Seni District (色尼区, until 2017 Nagqu County) is a district within the Nagqu of the Tibet Autonomous Region, China.

==Geography==
Located in the northern part of the Tibet Autonomous Region, Seni ranges in latitude from 30° 31' to 31° 55' N and in longitude from 91° 12' to 93° 02' E. Bordering counties within Nagqu are Lhari to the southeast, Biru to the east, Nyainrong to the northeast, Amdo to the northwest, and Baingoin to the west, while Lhasa City, the regional capital, is to the south.
===Climate===
With an elevation of around 4500 m, Seni historically had a harsh alpine climate (Köppen ETH), closely bordering on a subalpine climate (Dwc). However, according to averages from 1991 to 2020, Seni now has a subalpine climate (Köppen Dwc), because the hottest month, July, has an average temperature of just 10.0 C; there are already signs that trees can grow.

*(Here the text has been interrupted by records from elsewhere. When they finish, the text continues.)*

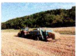
nc Foin paille botte carrée 90x120x220 en stock Machines de forage et de fondation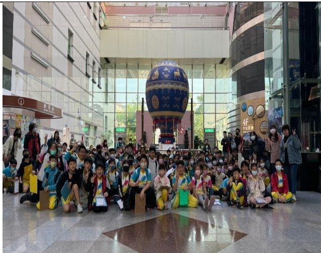
科教館地標 - 熱氣球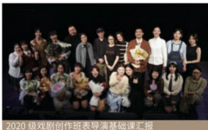
2020 级戏剧创作班导演基础课汇报

戏剧文学系设有戏剧影视文学专业（戏剧创作、电视剧创作方向）、戏剧学专业（戏剧史论与批评、戏剧策划与应用方向），培养戏剧影视文学创作、中外戏剧史论研究、戏剧评论以及戏剧艺术教学和科研的专业人才。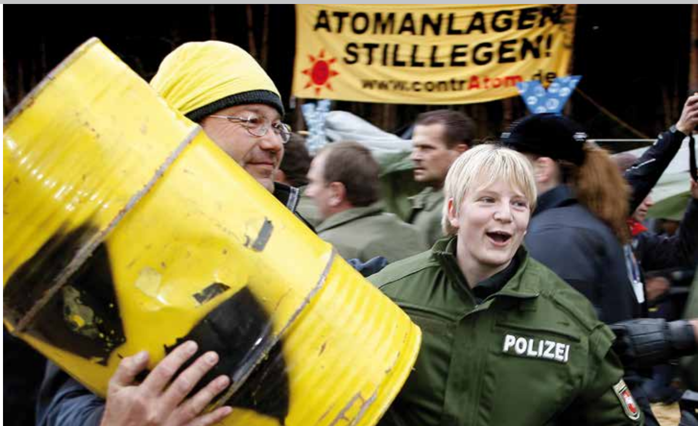
Gorleben, November 2008 (mehr auf Seite 8/9)

Seni features long, frigid and dry winters, and short, cool summers. In winter, temperatures frequently drop below −20 °C at night and in summer typically rise to 16 °C during the day. The monthly 24-hour average daily temperature ranges from −11.3 °C in January to 10.0 °C in July, and the annual mean is −0.1 °C. From June to September, a majority of days receives some precipitation, and over 80 percent of the annual precipitation is delivered.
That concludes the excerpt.